2) For each of you make a list of medications with amount, dosage, and time of day taken; likes and dislikes in food, dress, activities, music, or TV in case someone has to step in.

3) Possibly enlist the help of a Care Manager if there is a local agency that provides this. In the Rochester, New York area we have Fingerlakes Alzheimer’s Caregiver Institute 585-244-8400 (844-249-7126). It is their role to help you plan steps to take in your future.

4) Have a family meeting preferably in-person (or by conference call) to brainstorm caregiving ideas should an unforseen incidence arise. Sometimes if there are family members who are in denial about their loved-ones health status, it may be more impactful to have another person (a care manager, a financial advisor, your lawyer, therapist, etc.) chair the conversation so that the needs of both parties are spelled out in a more forceful or direct manner. Many times when someone other than family is in in charge of the meeting and the question is put to them,  “What will you do if ‘Carol’ is too ill to orchestrate care for herself and for ‘Jim’, they take it more seriously and positive progress can be made.

5) Experiment with various agencies who offer respite/help at home/companion services so you can hopefully find a good match for your loved-one so you can have some stress free time to yourself. In the Rochester-Fingerlakes area of New York our Alzheimer’s Association offers grant money for 10 hours monthly of respite through contracted agencies in our area. Once the initial intake information is documented by the Association, you can call the contracted agencies for respite assignments.
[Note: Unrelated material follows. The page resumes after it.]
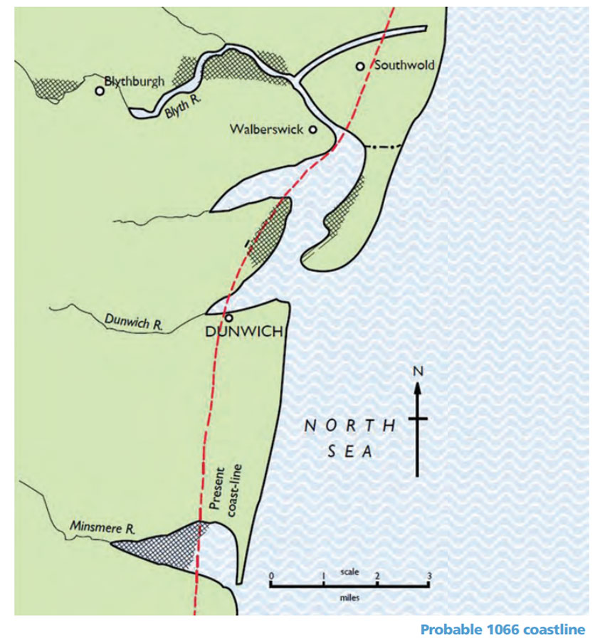 This map comes from the booklet "Southwold's Changing Fortunes". It shows a different view of the coastline around 1066 and demonstrates how the town of Dunwich commanded the entrance to the River Blyth at this time. From 1230 to 1408 Dunwich had charter powers to levy tolls on cargo ships passing upriver to Walberswick and Southwold. By about 1500 the shingle banks had extended and closed off the entrance to Dunwich and the people of Walberswick and Southwold had breached the shingle bank to drain the Blyth between those two towns. |

I urge all families to take advantage of this service before you are totally stressed so that you and your loved-one are used to the people coming into your home. For those in other parts of the country, call your local Alzheimer’s Association to see if they offer similar respite options.

6) Finally, also consider looking into respite care possibilities away from your home offered by local nursing homes for the purpose of taking a vacation/rest without caregiving. Usually they are available for at least a week, but check your local nursing homes for their requirements. It is difficult to think about this, but some people with dementia do quite well under such circumstances. It’s almost like they are getting a vacation from you, just as you are getting a vacation from them.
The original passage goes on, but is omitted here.